# I just got a virus from Microsoft



## Major Audi Parts Guru (May 7, 2002)

It came from [email protected] :-/



> Viruses found in the attached files.
> The attached file screen_doc.zlo is infected by I-Worm/Palyh.A. The attachment was moved to the virus vault. The original message follows:
> ---
> All information is in the attached file.
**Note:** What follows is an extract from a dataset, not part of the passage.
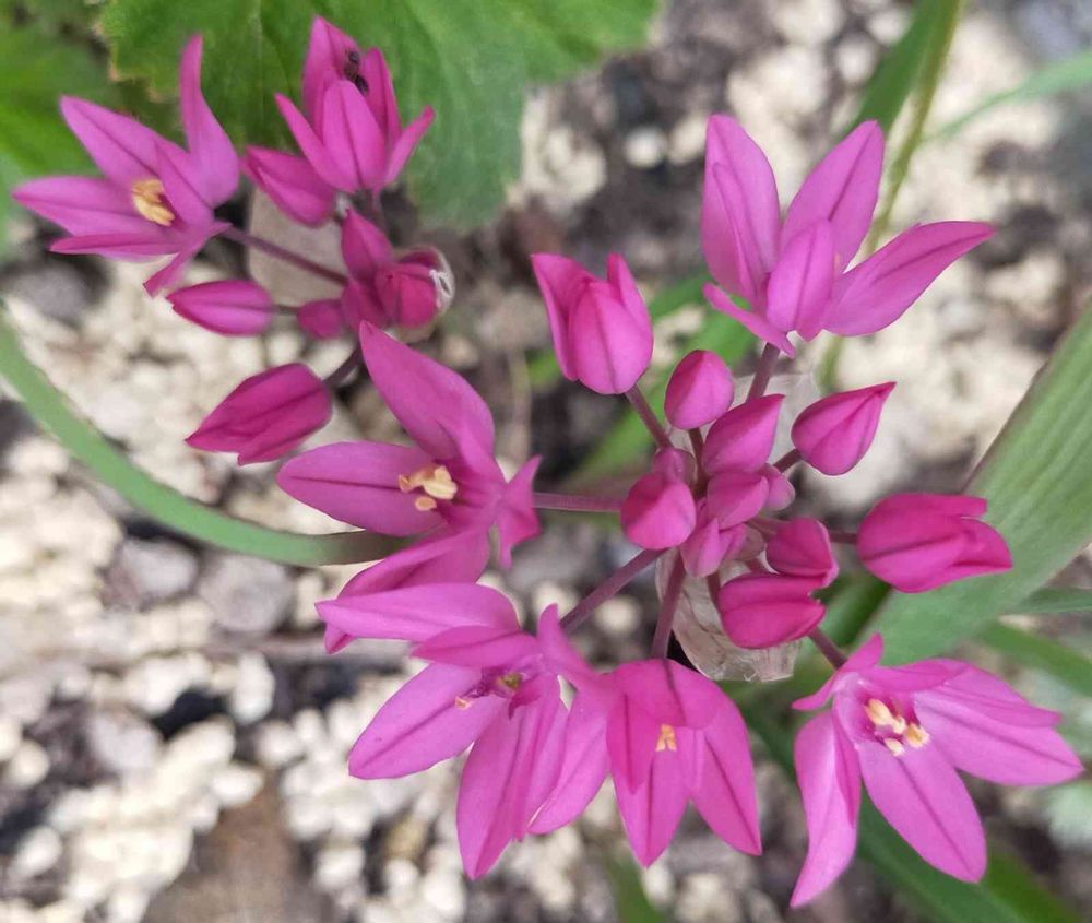 アリウム オレオフィラム?と思われる🧐渋めピンクの背のやたら低いアリウムが咲きました〜😊

Good job my anti virus programme is up to date Â ;D


----------



## boabt (May 7, 2002)

Very re-assuring


----------



## mike_bailey (May 7, 2002)

There was a warning about this in the news on LBC this morning - I didn't realise that it was actually coming from the Microsoft domain :-/


----------



## jgoodman00 (May 6, 2002)

I dare say it is not coming from the ms domain, but merely impersonating the ms email address...


----------



## saint (Dec 6, 2002)

It won't be from Microsoft......some script kiddie will be bouncing using the MS name


----------



## phil (May 7, 2002)

I got this this morning too, on my work email, which I rarely give out.


----------



## snaxo (May 31, 2002)

Ditto - I got this too Phil on work email.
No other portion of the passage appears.